1) Funding the deficit spending of the U.S. Federal Government

2) Providing free cash for insolvent TBTF/PD banks

3) Funding the deficit spending of the U.S. Federal Government

4) Creating the inflation necessary to service existing debts

5) Funding the deficit spending of the U.S. Federal Government

6) Infusing cash into the Primary Dealers which they, in turn, can use to buy S&P futures and prop up the stock market

7) Funding the deficit spending of the U.S. Federal Government

Before The Bernank, takes the podium, please take a moment to ponder from where the U.S. government will find its $1,650,000,000,000 needed for next year without continued Quantitative Easing.

1) China? Nope.

2) Japan? Good one.

3) Europe? Mmmm, no.

4) The Middle East? Negative.

5) TBTF banks. Jim Rickards says so. He's fooling himself. $1.65T? From the banks? Hahaha.

That's the crux of it.

As our man states, QE is self-defeating, in that by using it to avoid interest rate rises it may keep govt. debt servicing costs down and mortgage costs down for struggling homeowners, but it also destroys disposable income and the taxable economy through inflation.

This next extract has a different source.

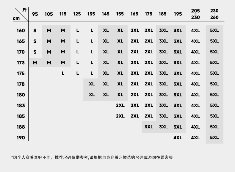 China (cm) 160-165/84-86 165-170 / 88-90 167-172 / 92-96 168-173 / 98-102 170-176 / 106-110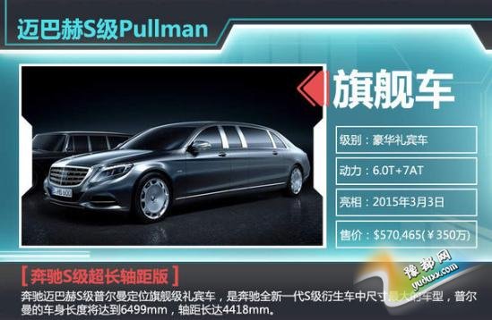 按照奔驰的产品投放节奏,迈巴赫S级普尔曼在日内瓦车展进行全球首发之后,后续还将亮相上海车展,随后于2016年交付第一批用户,同年在引入中国市场销售。奔驰迈巴赫S级普尔曼定位旗舰级礼宾车,是奔驰加长S级衍生车中尺寸最大的车型,普尔曼的车身长度将达到6499mm,轴距长达4418mm。

However, stopping it means that not only do interest rates go up and not only is disposable income squeezed by higher debt costs instead, but the burden of government debt grows yet further and becomes less payable, rather than shrinking, unless draconian cuts are made that no one has the appetite for.

The lesser evil is to QE to inflate the debt away and hope you get the debt under control before the side effects of QE implode the economic whole system. Lesser of two evils as it were.

The choices are simple, deflationary depression or inflationary depression. The latter is better in a democracy from a poltician's stand point, because the electorate and VI'swon't stand for the pain of the cuts needed, so if you can engineer it so the whole inflationary clusterf4ck blows up on your opponents watch then you are still the good guy.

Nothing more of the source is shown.